Automated solution-phase synthesizer

In 2004, we developed a preactivation-based one-pot glycosylation strategy21, enabling multiple sequential glycosylations in a single reaction vessel. This protocol is independent of glycosyl donor reactivity, and different from programmable and hierarchical one-pot synthesis22,23. Because this approach does not require complex protecting-group manipulations and isolation of intermediates, it holds the potential for automated solution-phase synthesis (Fig. 2a). In this way, a range of glycans have been synthesized manually24, including the arabinogalactan 92-mer25. In terms of green and sustainable chemistry26, the preactivation-based one-pot glycosylation strategy can also be applied to light-driven glycosylation reactions27, where either ultraviolet or visible light can be used for the activation of glycosyl donors. The two activation modes of this preactivation protocol means that several technical challenges need to be addressed to make the synthesizer: first, different stored homogeneous solutions must be delivered independently and in accurately measured amounts to the reactor in a closed system to avoid cross-contamination using minimal equipment; second, automatic sampling and injecting to achieve online monitoring; and third, all the operations have to be programmed and controlled.
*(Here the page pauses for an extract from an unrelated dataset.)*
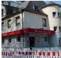
Die Sparkasse darf nicht geschlossen werden!
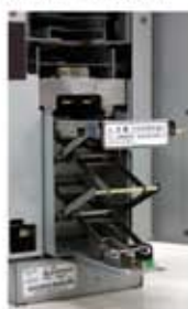
スライド式収納部(千円紙幣)

Fig. 2: The solution-phase synthesizer.
figure 2

a, The principle of preactivation-based, one-pot glycan synthesis in general or light-induced modes. b, The hardware and flow diagram of the automatic synthesis system. c, The synthesizer consists of three parts: an automatic synthesis system, an online monitoring system and a PLC. d, The automated synthesizer. The housing dimensions are 0.8 m height, 1.2 m width, 0.9 m depth. Tol, p-methylphenyl.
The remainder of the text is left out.